Wednesday, April 6, 2011

Social Sculpture at Anna Schwartz feat. Sannè Mestrom and Kate Mitchell

Chalk Horse artists Kate Mitchell and Sannè Mestrom are currently exhibiting bodies of work as a part of an exhibition called Social Sculpture at Anna Schwartz curated by Charlotte Day. The exhibition runs from 02 April through until 18 June and is thoroughly worthwhile checking out as it has been heralded "the most dynamic use of the space ever" through our own eavesdropping on the evening of the opening. Check out the details below...


Turning the gallery inside out was the starting point for Social Sculpture, to open up the gallery to a range of temporal and process-oriented practices. This emptying out provided the opportunity to think about the gallery’s physical space in particular ways. It allowed a consideration of its literal and metaphorical weight, how artworks are situated within it, the space between the works and the pedestals and supports for works, and the way in which artists and visitors inhabit and interact in such spaces.

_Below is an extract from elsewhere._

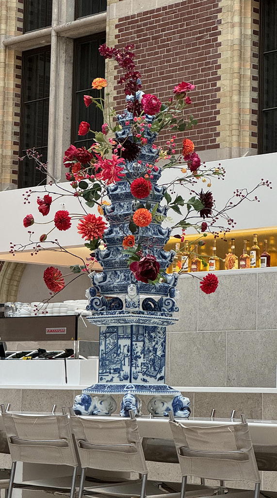 Thank goodness for in-room espresso! Someone would have died if I hadn’t tanked up before the breakfast buffet. The buffet did a good job of filling the void so I could pretend to be human and get away with it! The concierge directed a zombie (me) to the tram line, a whole 3 minutes walk away from the hotel. Buying a 96 hour ticket was easy through the GVB app; I activated my GVB ticket with the hotel wifi and I was all set to go. You have to scan you ticket going into and coming out of the tram, bus, metro station – there must be some sort of distance/region charge. Using the ticket was a bit of pain since my phone kept wanting to pay for a new ride via Apple pay even when I was scanning out of the tram – never did figure out what setting to change. A tram to Amsterdam Centraal followed by a metro ride to a subway station near the museum went smoothly. The trams and the metro were quiet in the morning; people didn’t talk or used library voices. It wasn’t like the Boston trains where, depending on the line, you might have to shout to be heard by the person next to you. Oh, I did witness minor traffic jams in the morning as I waited for the museum to open. At some intersections, I frequently saw a clot of 12 – 15 bicycles on a road with a yield sign, waiting for a gap in the bicycle traffic to make a turn or cross a rotary. That’s an Amsterdam traffic jam! There are more bikes than people in Amsterdam and most people appear to ride their bike to work, even the trams have bike areas on board or entire bike cars depending on the line. It all makes for a much quieter commute in the morning.

Social sculpture is a loaded term with its historical connection to the work of the German conceptual artist Joseph Beuys. He wanted to describe the expansion of art beyond previously existing definitions and its capacity as an agent of change in the world. In the contemporary context, Social sculpture is less politically idealistic but the term remains, importantly, an heroic endeavour. Social sculpture relates the expanded field of sculpture – here incorporating installation, video, and actions – to people, and people to sculpture. It is about the embodied art experience – both the artist/performer’s and the viewer’s.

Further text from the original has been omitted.